B C : Non je n’ai jamais travaillé ça, car le hasard de mes rencontres musicales a fait que je travaillais avec des gens qui avaient un pied dans l’improvisation et le contemporain écrit, mais j’ai beaucoup écouté de jazz classique, j’en ai une connaissance d’amateur éclairé. Je découvre en même temps la musique improvisée et le contemporain qui me fascine de suite de par les timbres, les espaces sonores, ça me permettait d’être en recherche, de trouver des trucs un peu à moi.

L J : Tu as publié un album solo : « Hors champ », pour toi, quelle est la différence entre le solo et le groupe, as-tu une préférence ?

B C : C’est équivalent, j’ai besoin de passer du solo au groupe, de l’écrit à l’improvisé, de l’acoustique à l’électrique. Tout ça se nourrit mutuellement tout en restant malgré tout dans la même famille esthétique.

L J : Tes projets en cours ?

B C : On va rejouer « Spirale » une pièce très scénographiée et très écrite de Samuel Sighicelli avec qui j’ai aussi le groupe « Caravaggio » dans lequel jouent également Benjamin de la Fuente et Éric Echampard qui mêle acoustique, électro, des choses très texturées ce qui rassemble tout ce qui me fait envie, c’est un groupe ou il n’y a pas de limites esthétiques, on joue tout ce qu’on aime jouer du coup ça mélange des esthétiques assez différentes, du contemporain au rock voir au punk.
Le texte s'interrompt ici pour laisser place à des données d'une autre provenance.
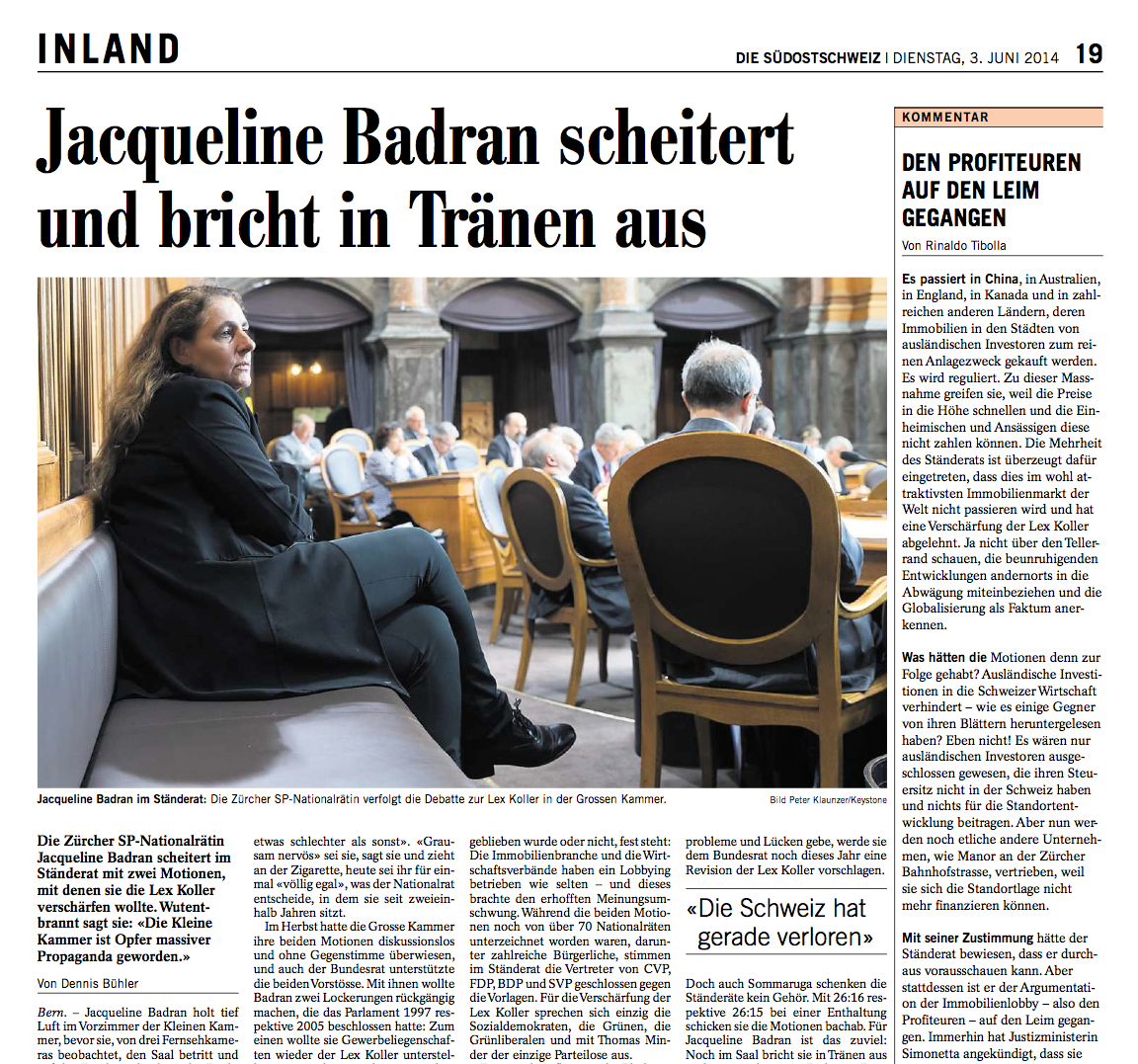 Die Zürcher SP-Nationalrätin Jacqueline Badran scheitert im Ständerat mit zwei Motionen, mit denen sie die Lex Koller verschärfen wollte. Wutentbrannt sagt sie: «Die Kleine Kammer ist Opfer massiver Propaganda geworden.» Ein Sessionsbericht, erschienen am 3. Juni 2014 in der Südostschweiz und der Nordwestschweiz / Aargauer Zeitung.

Ce qui nous intéresse dans ce projet c’est de trouver comment mélanger ces univers dans un objet cohérent. Je continue également ma route avec Michel Portal, Daniel Humair, Marc Ducret pour ce qui est de mes projets, disons plus jazz puis il y a le solo, j’ai fait pendant longtemps un solo sur Pasolini dont j’ai un peu fait le tour, là, je suis plus sur une idée de solo ou l’acoustique et l’électrique s’apprivoisent l’un l’autre. C’est toujours très intéressant, car je m’octroie beaucoup de libertés dans un parcours très défini ; c’est aussi un endroit, le parcours solitaire, où il y a beaucoup d’idées nouvelles qui peuvent arriver ce qui donne de nouveaux points de départ de travail.